Bosma Enterprises - 1/31/2020 2:33:55 PM

No Fear, Aira is Here

It has been said, “If you are going to go blind, this is the best time to lose your sight.” I know that may sound crazy, but with advancements in technology, the world is now more accessible than ever.

For years, people who are blind had limited options for navigating the world, relying on guide dogs and white canes to help us explore our surroundings. Now, we have apps that can read printed text, identify products on your shelf, smartphones and other technology that help people who are blind be more independent and empower us to do things on our own, which is very empowering and rewarding.

I recently had the chance to sit down with Mendi Evans, assistive technology specialist at Bosma Enterprises, to learn more about this new and innovative technology called Aira. Aira is a paid service where a person who is blind or visually impaired (known as an explorer) uses their smartphone and/or glasses to connect with a live agent. The agents are specially trained to assist those who are blind with a variety of tasks ranging from sorting through your mail, navigating an unfamiliar building or even having an agent take pictures of people or things that would be meaningful to you.

Mendi’s experience with Aira started when she attended a conference in March 2018. As a service to conference-goers, the venue was an Aira access location, meaning if she signed up for an account, any minutes used at that location were free.

Mendi was anxious to see how Aira worked, so she activated the app to help her find a restaurant her first night at the conference. However, the real test came the next day when she decided to navigate through the exhibit hall. “For anyone who has never attended a conference, imagine a large room filled with rows upon rows of booths, and some are not in a straight line, meaning simply walking up and down the aisles doesn’t cut it. Additionally, there are lots of people milling about, also trying to check out what, at this show, were nearly 100 exhibitors,” she said.

Frustrated by seemingly walking in circles, Mendi decided she would use an Aira agent to help her navigate through all those people and booths. “It felt awkward walking with my cell phone out in front of me, camera out, so the agent could talk me through the hall, but all thoughts of how awkward it was were quickly forgotten when I asked for assistance to each booth I was looking for and found them with ease.”

The agent helped guide her around the people and to each of the booths she asked for, not becoming impatient at all as she stopped to chat and gather information. After her nearly hour-long experience, she decided then and there Aira would be worth the paid subscription.

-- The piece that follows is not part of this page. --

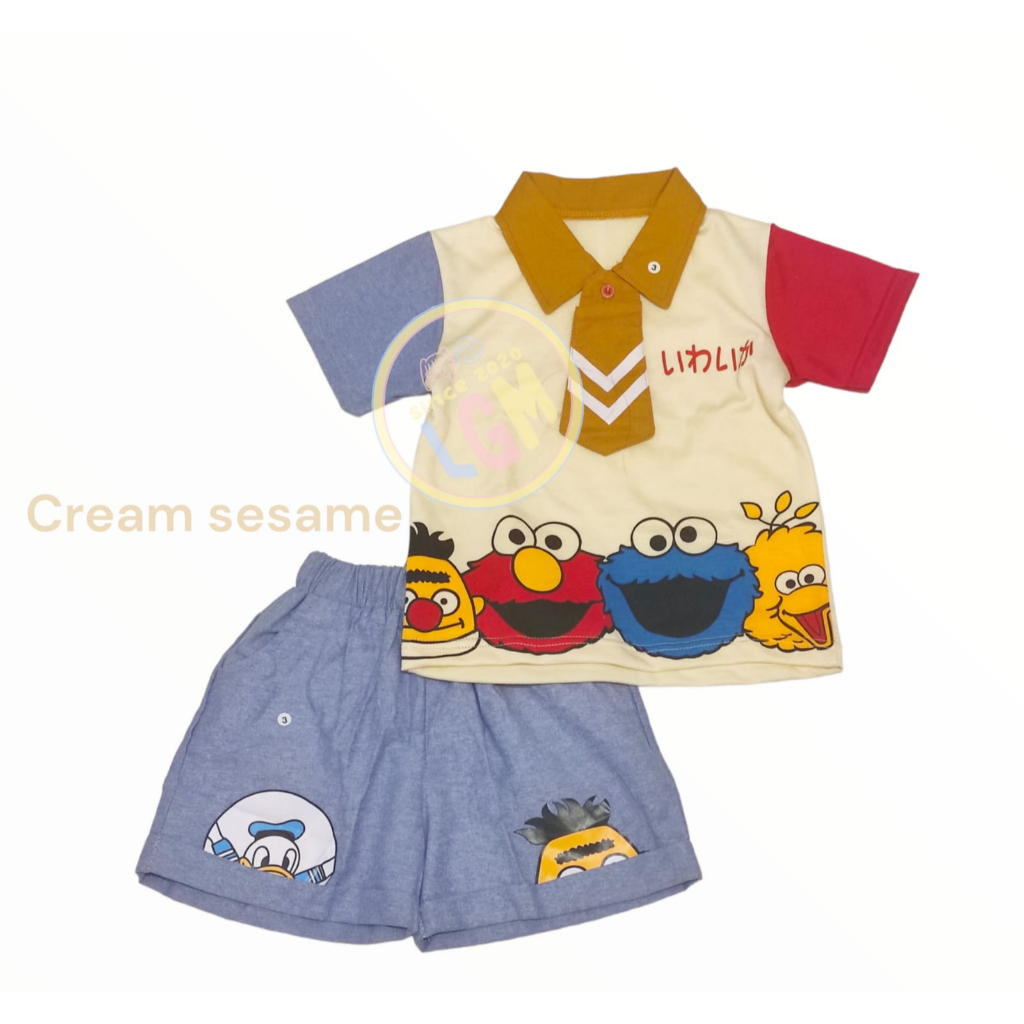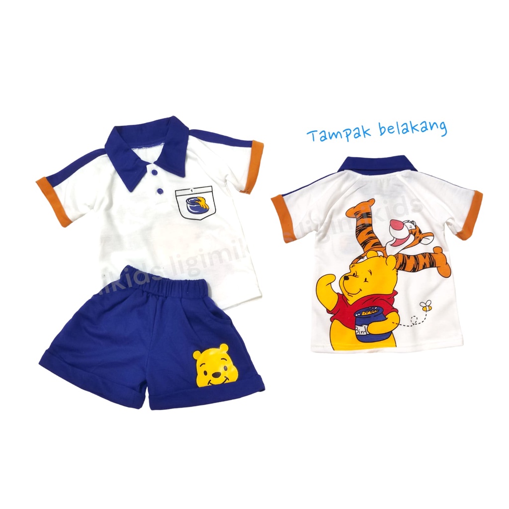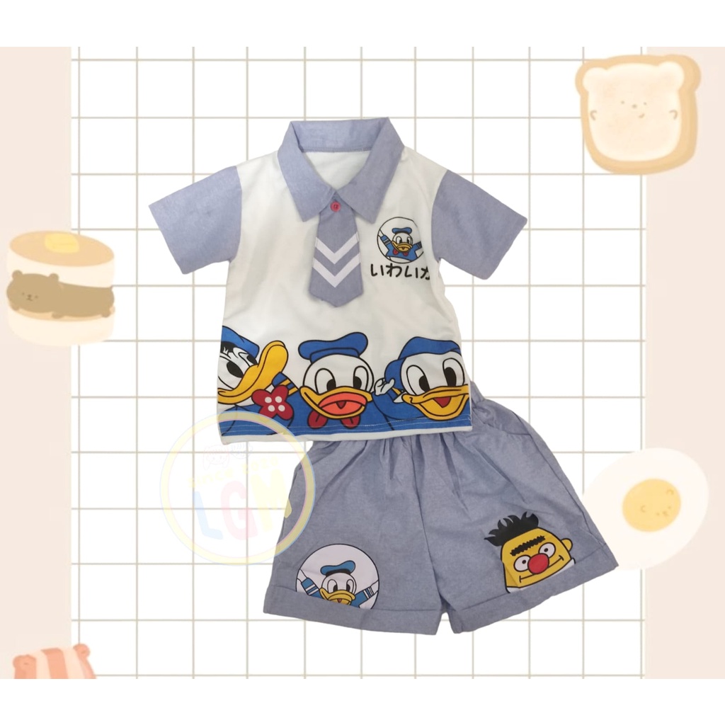 LIGIMIKIDS- Setelan anak laki laki denim / setelan anak polo shirt lengan pendek (1-6th)

Although there is a fee associated with the service, Mendi finds it to be worth the money.  Knowing that at a moment’s notice, at any time of day, she can receive assistance with tasks big and small, is a great feeling. The best part about Aira is that the agents are patient, describe as much or as little as needed and are very polite. Mendi’s experiences with Aira was a delight and would encourage anyone who is on the fence about the service, to try it out.